INFORMATION PROVIDED:
**********

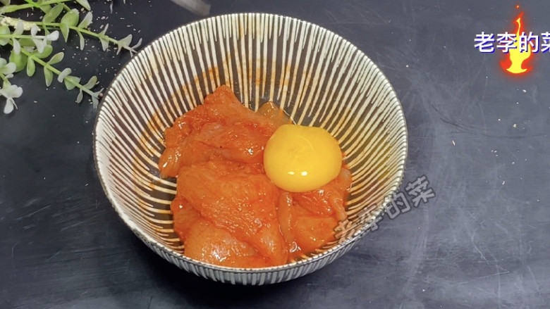 1. 腌制好的鸡肉中加一个蛋黄抓拌均匀。
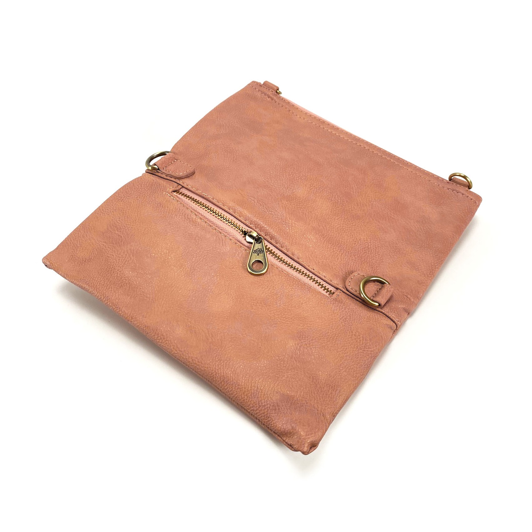 Цей клатч має відкидний верх на кнопках-магнітах, що легко розвертається, розкриваючи просторий внутрішній простір. У центрі клатчу розташована зручна кишеня на блискавці для безпечного зберігання ваших цінних речей. Основний відділ також захищений блискавкою, забезпечуючи додаткову безпеку. Усередині ви знайдете ще одну кишеню на блискавці та дві кишені для дрібниць, де можна організувати свої дрібні предмети.
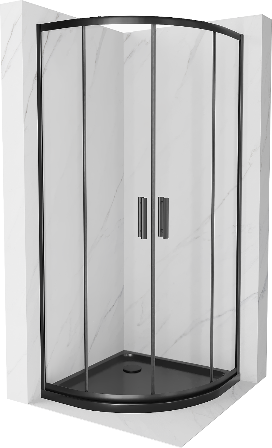 Mexen Rio cabine de duche semicircular 80 x 80 cm, transparente, preta + base de duche Flat, preta - 863-080-080-70-00-4170B

**********

TASK ITEM: Repeat the data above exactly, images excluded.

ANSWER SPACE:
 1. 腌制好的鸡肉中加一个蛋黄抓拌均匀。
 Цей клатч має відкидний верх на кнопках-магнітах, що легко розвертається, розкриваючи просторий внутрішній простір. У центрі клатчу розташована зручна кишеня на блискавці для безпечного зберігання ваших цінних речей. Основний відділ також захищений блискавкою, забезпечуючи додаткову безпеку. Усередині ви знайдете ще одну кишеню на блискавці та дві кишені для дрібниць, де можна організувати свої дрібні предмети.
 Mexen Rio cabine de duche semicircular 80 x 80 cm, transparente, preta + base de duche Flat, preta - 863-080-080-70-00-4170B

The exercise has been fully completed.